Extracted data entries
Content starts

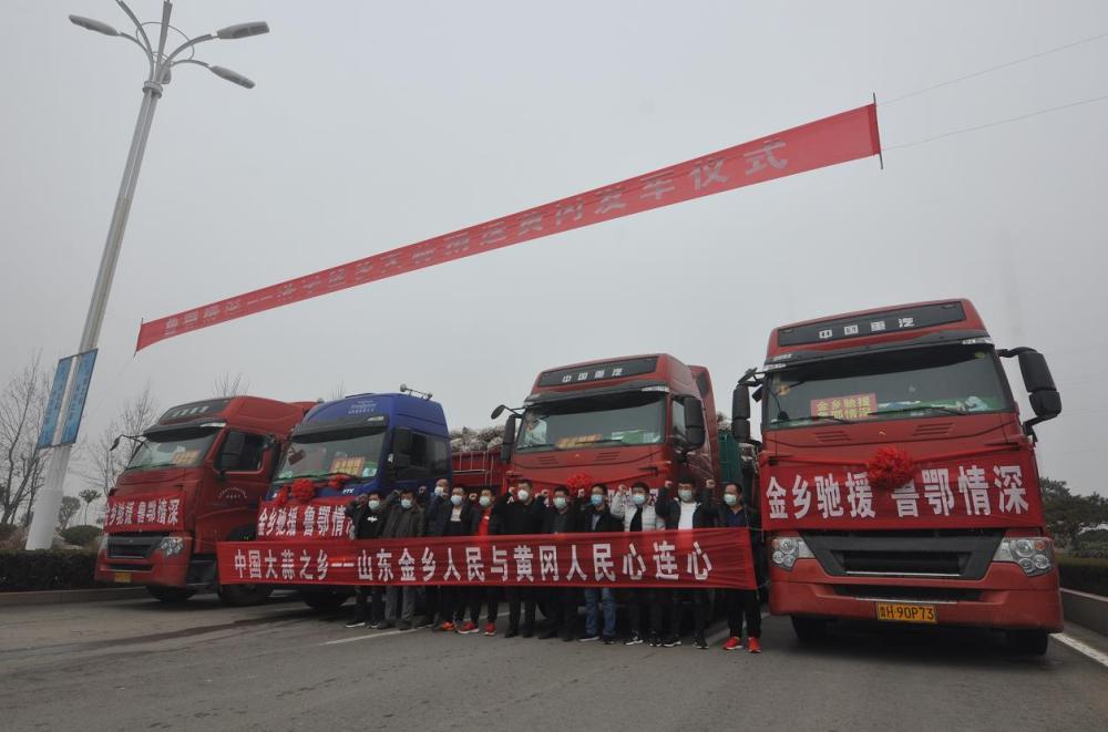 莱阳梨农捐赠40吨爱心梨,齐鲁粮油联盟企业麦香园食品有限公司捐赠了10万个大馒头,菏泽定陶村民自发捐赠的13吨蔬菜,俩小伙轮流开车送达黄冈……
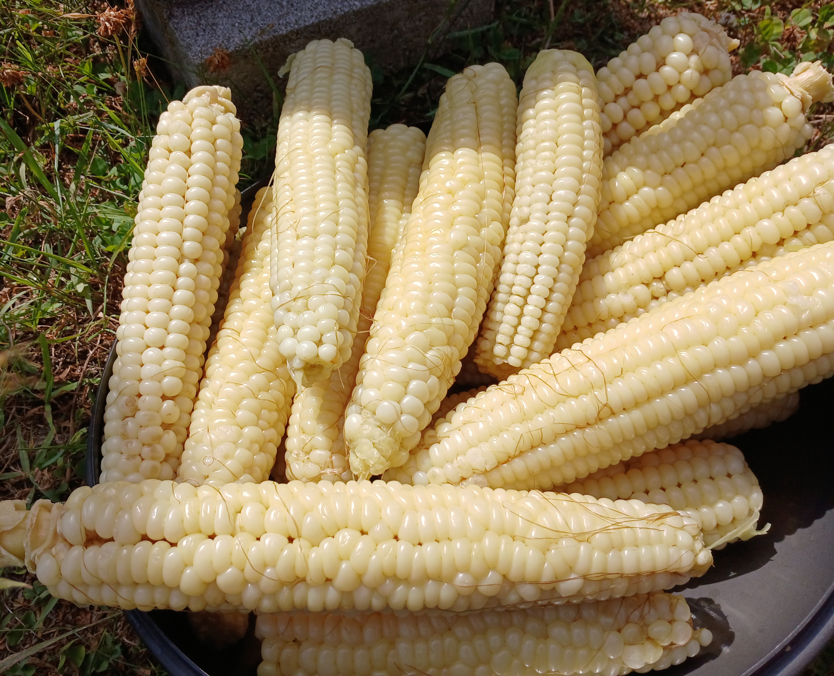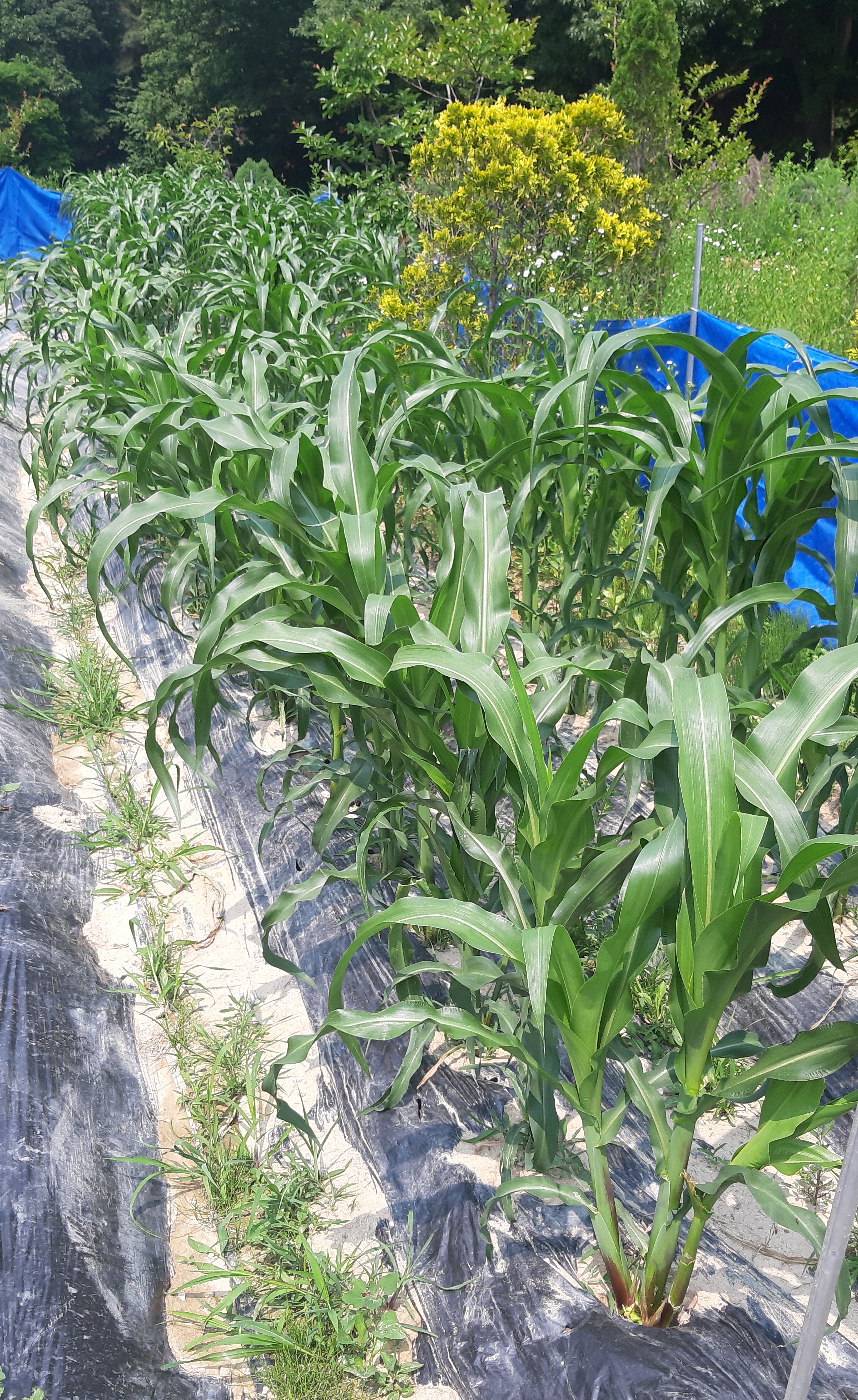 7월 12일, 첫 옥수수 수확을 하여 밭에서 한솥 쪄서 먹었는데 너무나 맛있었다.
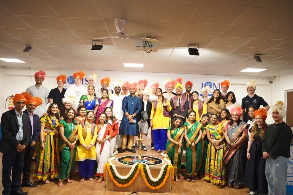 The students of ISMS Group of Institutions showcased a vibrant glimpse of India through their presentation and dance performances highlighting the food, festivals, traditional attire and business significance of different regions accompanied by colourful and lively performances that emphasized the rich and diverse heritage of the country followed by a sumptuous lunch presenting Maharashtrian cuisines. In the second part of the day, the guests were taken on a campus tour by ISMS students who shared about their experiences and memories of college life while networking with their UK peers. In the evening, they were introduced to the famous Dhol Tasha of Maharashtra. The students joyfully enjoyed the Dhol Tasha, danced to the energetic tunes and even tried few moves with their ISMS peers.
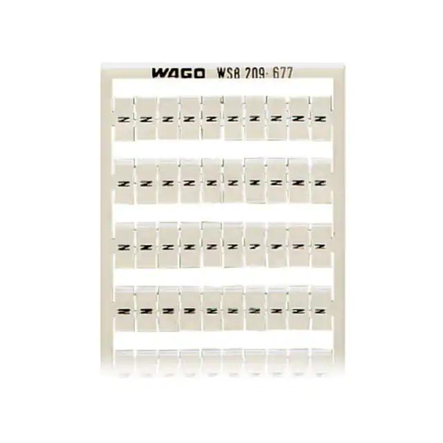 This is manufactured by WAGO Corporation. The manufacturer part number is 209-677. It is assigned with possible HTSUS value of 3926.90.9985. It is shipped in box. It has a classic white colour. The product wsb, is a highly preferred choice for users. The product is rohs3 compliant. Its typical moisture sensitivity level is not applicable. The product is suitable for use with 5mm wide terminal blocks. It has a long 12 weeks standard lead time. It comes in label, snap in configuration. Legend Information: letters, n. The product is designated with the ear99 code number
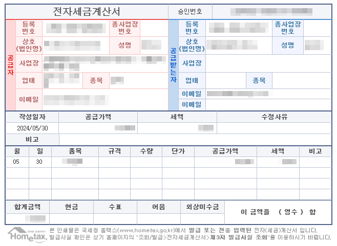 - 거래 내용 (공급가액, 세액, 공급일자 등)이 정확하게 기재되어야 합니다.

Content ends

# EXERCISE DESCRIPTION:
Set down exactly the lines of the entries above from the one holding "This is manufactured" through the last one, including both, with the pictures left out.

# SOLVED PROBLEM:
 This is manufactured by WAGO Corporation. The manufacturer part number is 209-677. It is assigned with possible HTSUS value of 3926.90.9985. It is shipped in box. It has a classic white colour. The product wsb, is a highly preferred choice for users. The product is rohs3 compliant. Its typical moisture sensitivity level is not applicable. The product is suitable for use with 5mm wide terminal blocks. It has a long 12 weeks standard lead time. It comes in label, snap in configuration. Legend Information: letters, n. The product is designated with the ear99 code number
 - 거래 내용 (공급가액, 세액, 공급일자 등)이 정확하게 기재되어야 합니다.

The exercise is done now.